Democrat (\(D\)) | Not Democrat (\(D^c\)) | Total | |
---|---|---|---|
Loves puppies (\(L\)) | 180 | 270 | 450 |
Does not love puppies (\(L^c\)) | 20 | 30 | 50 |
Total | 200 | 300 | 500 |
Suppose a person is randomly selected from this group. Consider the events \[\begin{align*} L & = \{\text{person loves puppies}\}\\ D & = \{\text{person is a Democrat}\} \end{align*}\]
- Compute and interpret \(\text{P}(L)\).
- Compute and interpret \(\text{P}(L|D)\).
- Compute and interpret \(\text{P}(L|D^c)\).
- What do you notice about \(\text{P}(L)\), \(\text{P}(L|D)\), and \(\text{P}(L|D^c)\)?

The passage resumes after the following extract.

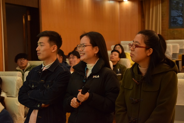 本次团日活动以纪念“一二·九”运动84周年为契机,将习近平新时代中国特色社会主义思想的相关论述、近代历史知识、爱国诗歌等丰富内容融入赛题,用“PK”竞赛紧张激烈的形式,引导青年们共同回顾历史,牢记使命。比赛共设三个环节,分为必答环节、抢答环节与决赛环节。必答环节中,选手们均表现优秀,势均力敌,最终六个小组成功晋级。第二环节,两组轮流作答,各组选手实力不相上下,比分胶着。进入最后的决赛,现场的气氛达到了高潮,选手们勇敢挑战高分值难题,经历一番激烈的角逐后,本场比赛的一、二、三等奖得主最终揭晓。人文学院团委书记卢一亭为获胜队伍颁发证书。在紧张的答题环节外,竞赛还增设观众参与爱国主义歌曲接唱环节,在场观众踊跃参与,唱响红色经典,赢得掌声不断。

- Compute and interpret \(\text{P}(D)\).
- Compute and interpret \(\text{P}(D|L)\).
- Compute and interpret \(\text{P}(D|L^c)\).

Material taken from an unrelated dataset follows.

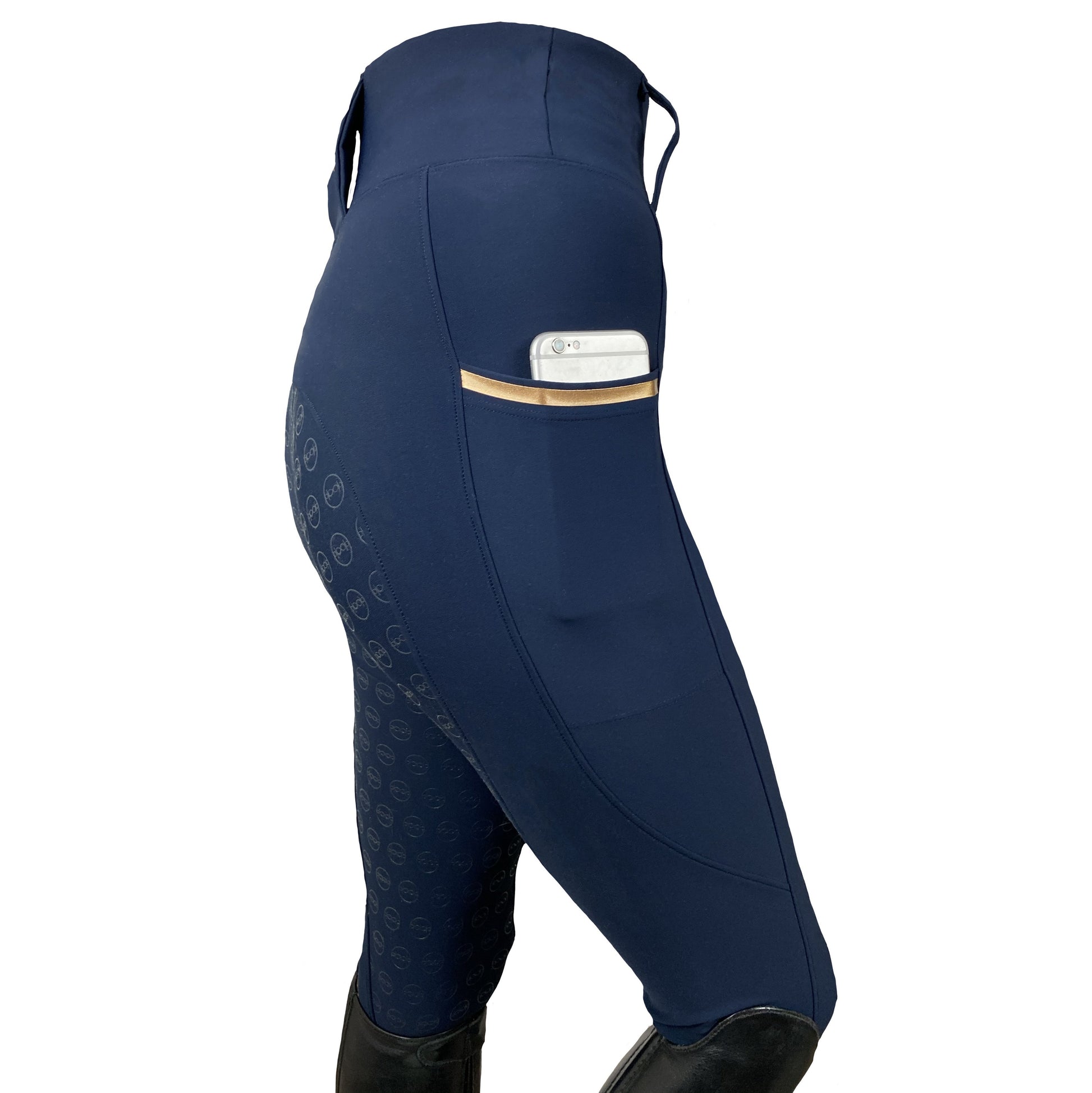 Los leggings de equitación EQUIFINITY están equipados con amplios bolsillos. Se colocan de manera que no se restrinja su libertad de movimiento.

- What do you notice about \(\text{P}(D)\), \(\text{P}(D|L)\), and \(\text{P}(D|L^c)\)?
- Compute and interpret \(\text{P}(D \cap L)\).
- What is the relationship between \(\text{P}(D \cap L\)) and \(\text{P}(D)\) and \(\text{P}(L)\)?
- When randomly selecting a person from this particular group, would you say that events \(D\) and \(L\) are independent? Why?
- Events \(A\) and \(B\) are independent if the knowing whether or not one occurs does not change the probability of the other.
- For events \(A\) and \(B\) (with \(0<\text{P}(A)<1\) and \(0<\text{P}(B)<1\)) the following are equivalent. That is, if one is true then they all are true; if one is false, then they all are false.
\[\begin{align*} \text{$A$ and $B$} & \text{ are independent}\\ \text{P}(A \cap B) & = \text{P}(A)\text{P}(B)\\ \text{P}(A^c \cap B) & = \text{P}(A^c)\text{P}(B)\\ \text{P}(A \cap B^c) & = \text{P}(A)\text{P}(B^c)\\ \text{P}(A^c \cap B^c) & = \text{P}(A^c)\text{P}(B^c)\\ \text{P}(A|B) & = \text{P}(A)\\ \text{P}(A|B) & = \text{P}(A|B^c)\\ \text{P}(B|A) & = \text{P}(B)\\ \text{P}(B|A) & = \text{P}(B|A^c) \end{align*}\]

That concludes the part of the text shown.